Workplaces are deceptively difficult places to light well. They are also one of the few categories of lighting with solid restrictions on light level and do’s and don’ts. Few will suffer if your building façade is lit to 20 lux not 50; make a similar mistake in the workplace and you have a lawsuit on your hands. Here Neil Knowles shares his top 10 tips for a perfectly-lit workplace.

 

  1. You can and shall obey
    Always good to stick in a Joy Division reference at the start and in this instance, it’s well deserved. Guidelines on office lighting are not legally enforceable but if you don’t obey them you run the risk of employee complaints, increase in sick leave and more.
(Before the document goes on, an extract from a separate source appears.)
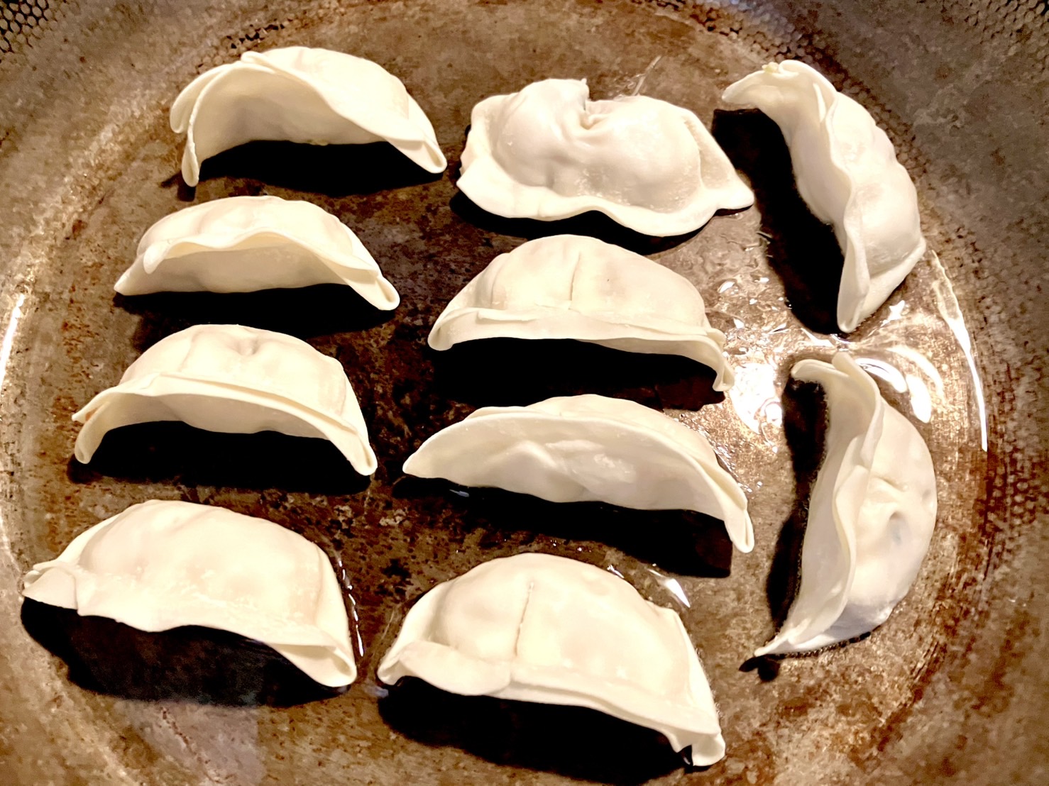 焼き方は普通の冷凍餃子とほとんど同じだ。油を引いたフライパンに餃子を並べ、水を入れてしばらく蒸し焼きにすれば……
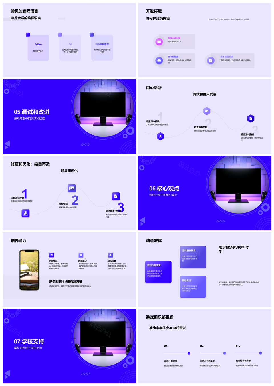 这是一张中学生游戏开发导师指导兴趣基础逻辑设计PPT模板,包含中学生、游戏开发、导师、指导、兴趣、基础、逻辑、设计等主题内容,也可用作中学生游戏开发导师指导、游戏开发导师指导兴趣、导师指导兴趣基础逻辑设计、中学生游戏开发兴趣基础、游戏开发兴趣基础逻辑设计、中学生导师指导逻辑设计、兴趣基础逻辑设计指导、游戏开发导师兴趣基础、中学生指导兴趣基础、导师兴趣基础逻辑设计、中学生游戏开发基础、游戏开发导师逻辑设计、兴趣基础逻辑设计、导师指导基础逻辑、游戏开发兴趣基础等PPT场景使用。 风云办公提供的中学生游戏开发导师指导兴趣基础逻辑设计PPT模板,下载格式为pptx,一共30页,作品中文字及图均可以修改和编辑,图片更改请在作品中右键图片并更换,文字修改请直接点击文字进行修改。

In the UK, the CIBSE guide LG7 is your new bible.
     
  2. Avoid the cave
    The temptation with a lot of lighting schemes is just to light down to the desk, creating what we call ‘the cave effect’ – dark walls, dark floor. This is unpleasant to work in and makes the space seem gloomy and underlit; never a good feel and doesn’t make your staff feel valued. it also causes eyestrain as people continually look up from bright desk to dark wall. Adding a splash of lighting to wash walls will create a better working environment. 

     

  3. Brand identity
    Your interior design says a lot about your company. Do you want your company image to be ‘outdated fluorescents hanging off string’? If so, well done! But perhaps you want your company to appear slightly more professional, and for an integrated lighting solution which enhances and supports the interior design. All these things are possible. For a price. 
     
  4. Flexibility
    How flexible do you need your office to be? Will the seating be reorganised regularly?
    No, how flexible do you need your office to be really? Everyone says that they need complete flexibility and end up with a complicated re-programmable control system that they never use, because in reality the accounts person sits where accounts always sits and will never move. Be honest with yourself at planning stage, as this costs you money.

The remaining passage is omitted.